Only the lines from the beginning of the data through the line holding "מיטת רביצה מעוצבת" belong in the answer, printed exactly and without pictures.

-- Data to examine --

↓

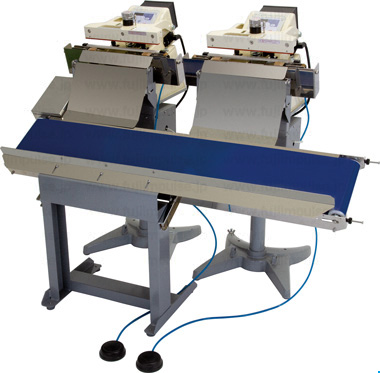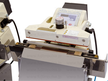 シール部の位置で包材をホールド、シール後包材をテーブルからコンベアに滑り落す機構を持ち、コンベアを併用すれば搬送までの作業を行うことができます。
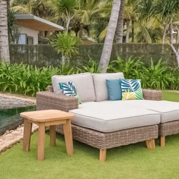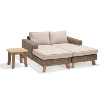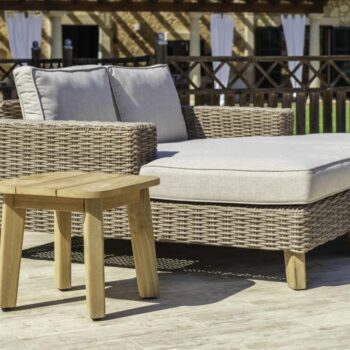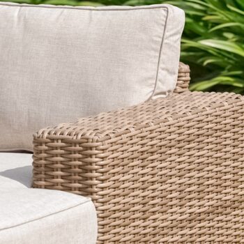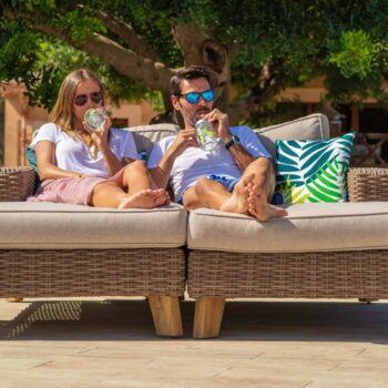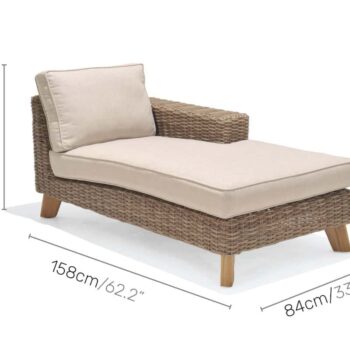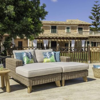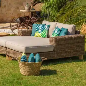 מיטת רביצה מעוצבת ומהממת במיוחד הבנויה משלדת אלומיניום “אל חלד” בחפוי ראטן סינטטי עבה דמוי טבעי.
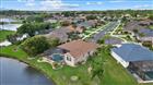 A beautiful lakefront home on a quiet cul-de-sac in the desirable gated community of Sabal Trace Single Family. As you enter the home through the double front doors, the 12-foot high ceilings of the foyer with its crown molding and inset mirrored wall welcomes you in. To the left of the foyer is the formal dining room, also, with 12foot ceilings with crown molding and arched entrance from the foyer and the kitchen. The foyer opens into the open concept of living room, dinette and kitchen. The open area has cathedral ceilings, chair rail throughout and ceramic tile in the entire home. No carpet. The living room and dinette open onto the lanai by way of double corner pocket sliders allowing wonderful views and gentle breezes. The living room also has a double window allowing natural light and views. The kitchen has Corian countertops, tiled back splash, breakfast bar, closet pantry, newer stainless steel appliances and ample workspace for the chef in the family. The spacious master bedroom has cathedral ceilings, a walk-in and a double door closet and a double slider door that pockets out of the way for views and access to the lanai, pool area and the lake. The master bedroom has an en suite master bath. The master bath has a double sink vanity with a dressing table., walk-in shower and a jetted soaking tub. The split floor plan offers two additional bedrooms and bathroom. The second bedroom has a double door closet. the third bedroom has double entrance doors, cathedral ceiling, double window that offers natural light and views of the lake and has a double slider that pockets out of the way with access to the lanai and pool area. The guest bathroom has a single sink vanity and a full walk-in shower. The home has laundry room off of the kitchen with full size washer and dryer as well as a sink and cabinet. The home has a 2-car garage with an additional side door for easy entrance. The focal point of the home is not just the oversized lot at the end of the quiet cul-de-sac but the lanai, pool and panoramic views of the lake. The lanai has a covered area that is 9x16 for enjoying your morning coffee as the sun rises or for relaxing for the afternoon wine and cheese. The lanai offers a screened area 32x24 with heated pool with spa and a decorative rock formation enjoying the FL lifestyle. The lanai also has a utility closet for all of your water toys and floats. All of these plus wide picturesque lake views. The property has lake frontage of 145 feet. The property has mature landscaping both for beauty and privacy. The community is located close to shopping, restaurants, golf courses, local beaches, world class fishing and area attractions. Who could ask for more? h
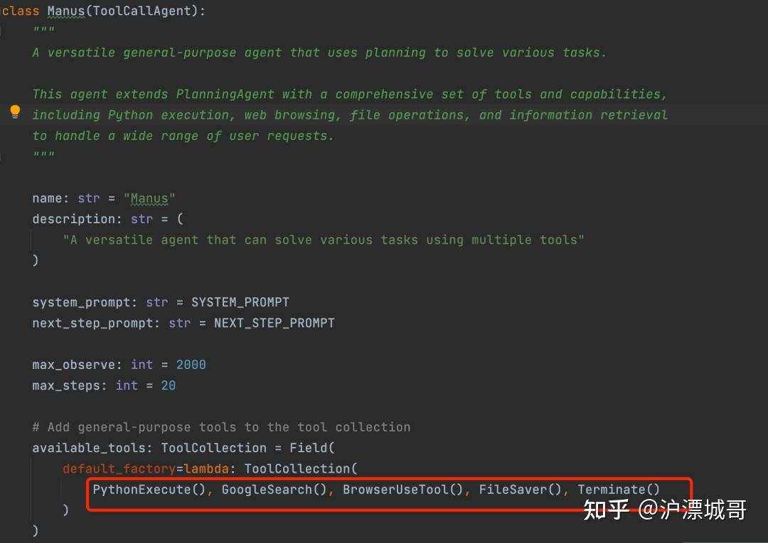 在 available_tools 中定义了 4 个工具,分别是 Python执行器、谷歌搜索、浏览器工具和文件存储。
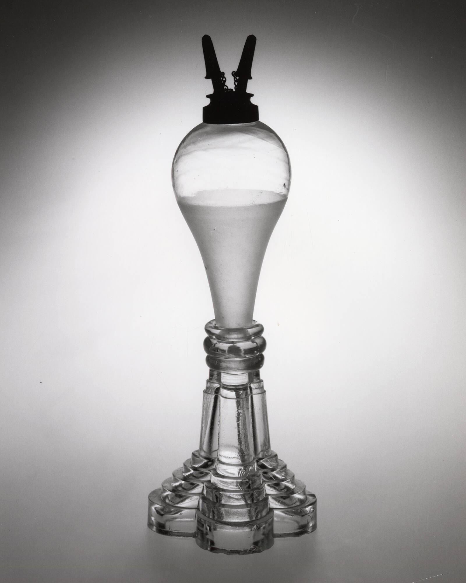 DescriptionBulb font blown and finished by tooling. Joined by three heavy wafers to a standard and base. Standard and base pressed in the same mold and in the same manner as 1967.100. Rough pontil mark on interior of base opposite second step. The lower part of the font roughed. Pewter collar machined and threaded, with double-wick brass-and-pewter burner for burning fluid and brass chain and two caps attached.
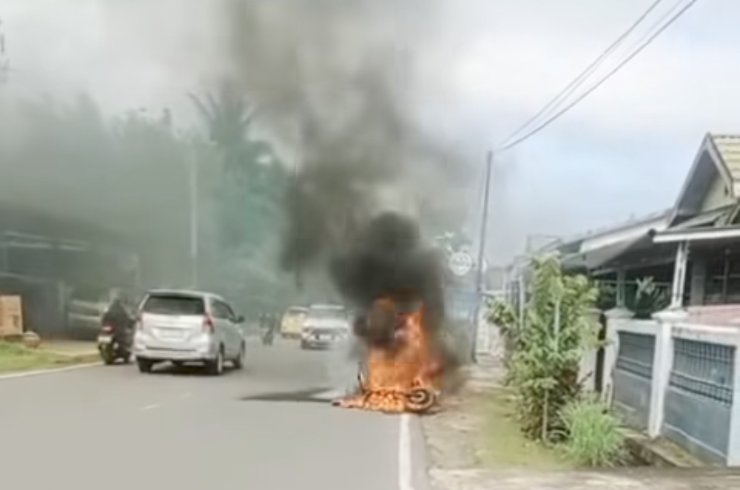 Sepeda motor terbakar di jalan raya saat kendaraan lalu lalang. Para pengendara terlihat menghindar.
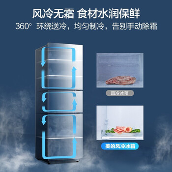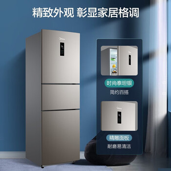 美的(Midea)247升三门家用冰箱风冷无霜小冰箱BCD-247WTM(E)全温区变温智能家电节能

↑

-- Answer for this exercise --
 シール部の位置で包材をホールド、シール後包材をテーブルからコンベアに滑り落す機構を持ち、コンベアを併用すれば搬送までの作業を行うことができます。
 מיטת רביצה מעוצבת ומהממת במיוחד הבנויה משלדת אלומיניום “אל חלד” בחפוי ראטן סינטטי עבה דמוי טבעי.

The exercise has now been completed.